• Prompt
Your output should be an exact copy of the records, with no pictures in it.

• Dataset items
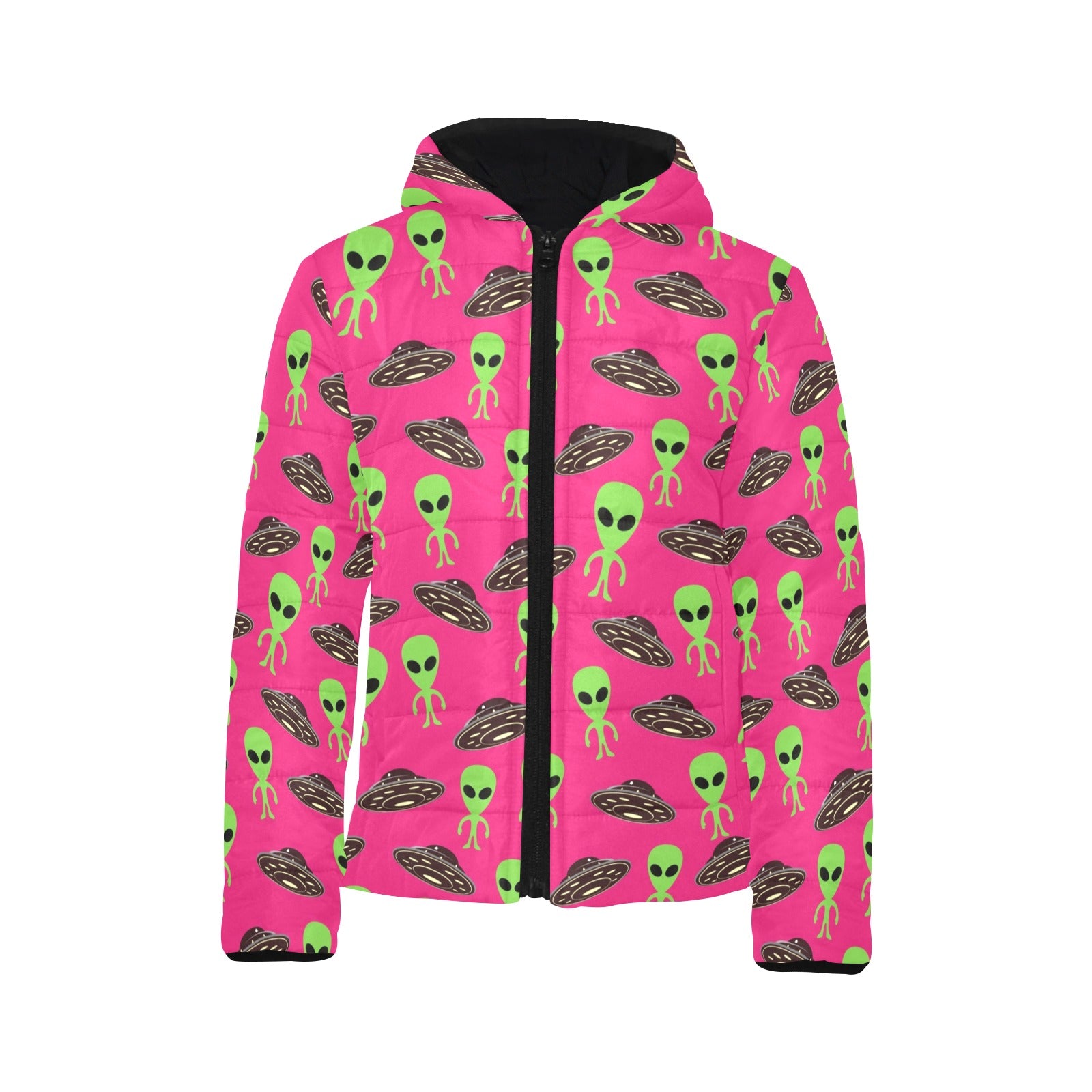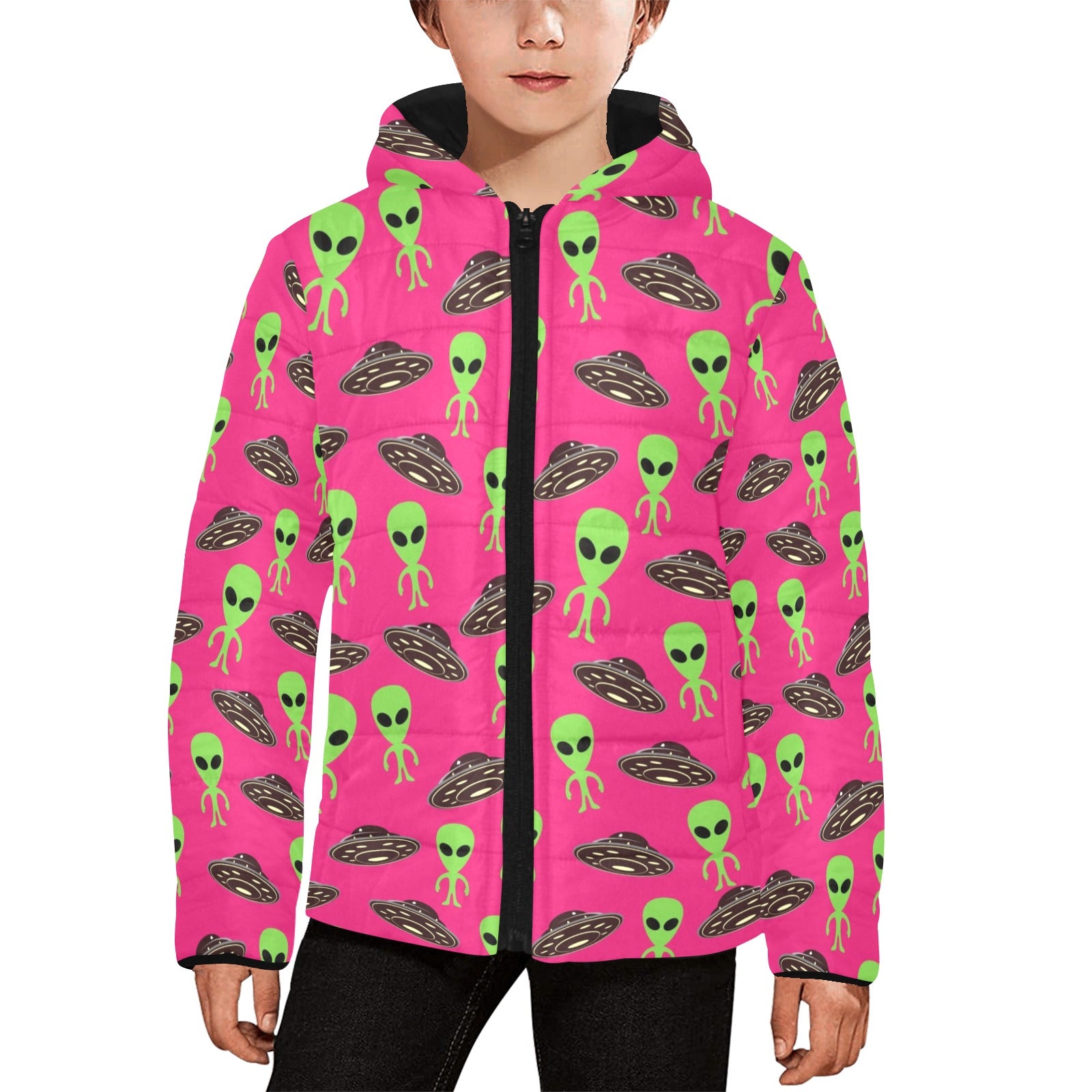 Alien Pattern Print Design 03 Kids' Boys' Girls' Padded Hooded Jacket
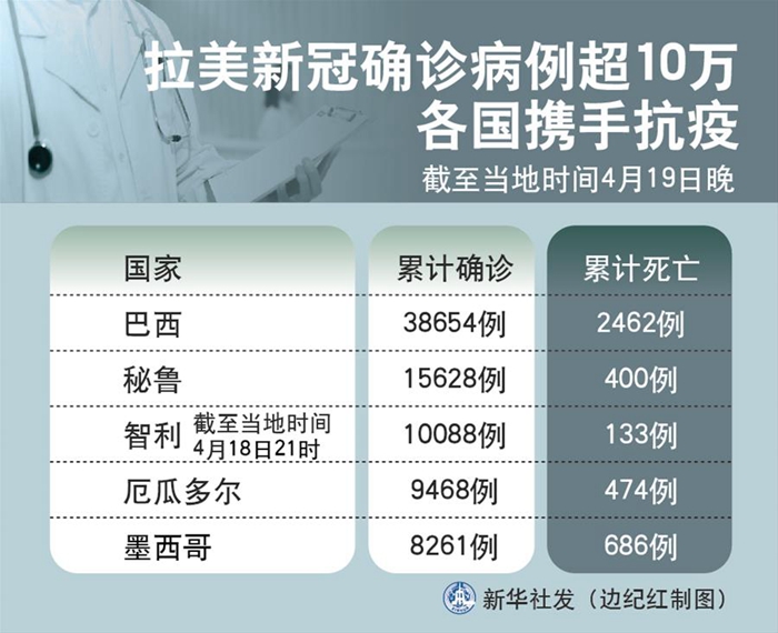 新华社圣保罗4月19日电 综述:拉美新冠确诊病例超10万 各国携手抗疫
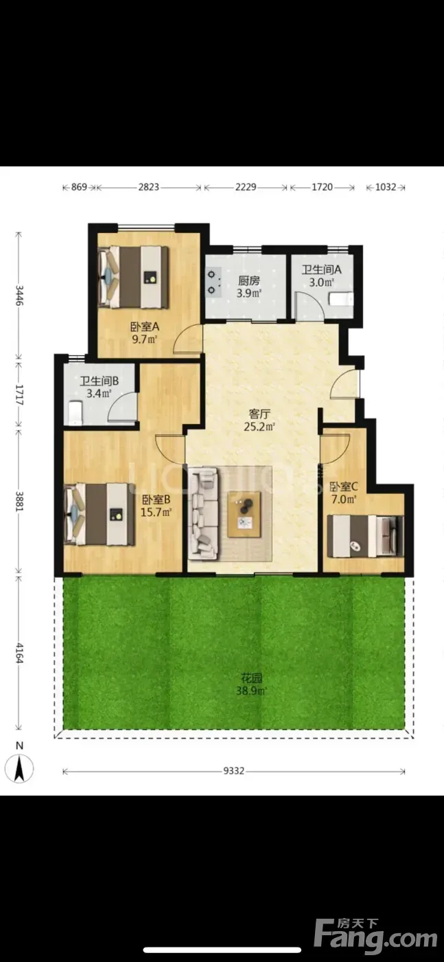 户型是3室2厅1厨2卫1阳台,南朝向
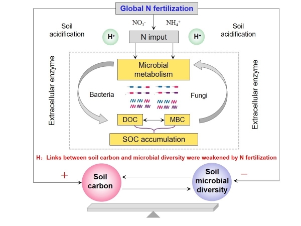 图1.氮肥对土壤有机碳和微生物多样性影响的机制框架图
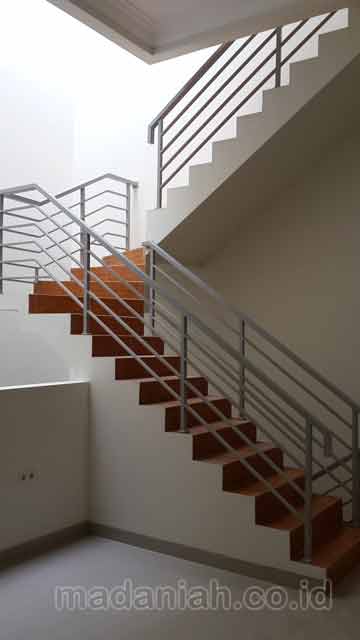 Bengkel las MADANIAH penyedia railing tangga dengan kualitas bahan terbaik dengan harga yang terjangkau. Kami menyediakan jasa pembuatan dan pemasangan kanopi rumah, atap baja ringan, pagar besi, pintu besi, pintu garasi, pintu gerbang, railing tangga, railing balkon, tangga besi, teralis jendela dengan berbagai model, baik minimalis, klasik maupun modern, dari berbagai macam bahan seperti besi tempa, besi stainless steel, besi nako dan masih banyak lagi. Warna cat, ukuran, model, dan karakter dapat di pesan sesuai selera dan keinginan pelanggan (make to order by appointment). Menyediakan produk aksesoris rumah, kantor, apartemen, atau fasilitas umum lainnya dengan bahan-bahan pilihan. Kami juga melayani service / perbaikan / perawatan.

• Task answer
 Alien Pattern Print Design 03 Kids' Boys' Girls' Padded Hooded Jacket
 新华社圣保罗4月19日电 综述:拉美新冠确诊病例超10万 各国携手抗疫
 户型是3室2厅1厨2卫1阳台,南朝向
 图1.氮肥对土壤有机碳和微生物多样性影响的机制框架图
 Bengkel las MADANIAH penyedia railing tangga dengan kualitas bahan terbaik dengan harga yang terjangkau. Kami menyediakan jasa pembuatan dan pemasangan kanopi rumah, atap baja ringan, pagar besi, pintu besi, pintu garasi, pintu gerbang, railing tangga, railing balkon, tangga besi, teralis jendela dengan berbagai model, baik minimalis, klasik maupun modern, dari berbagai macam bahan seperti besi tempa, besi stainless steel, besi nako dan masih banyak lagi. Warna cat, ukuran, model, dan karakter dapat di pesan sesuai selera dan keinginan pelanggan (make to order by appointment). Menyediakan produk aksesoris rumah, kantor, apartemen, atau fasilitas umum lainnya dengan bahan-bahan pilihan. Kami juga melayani service / perbaikan / perawatan.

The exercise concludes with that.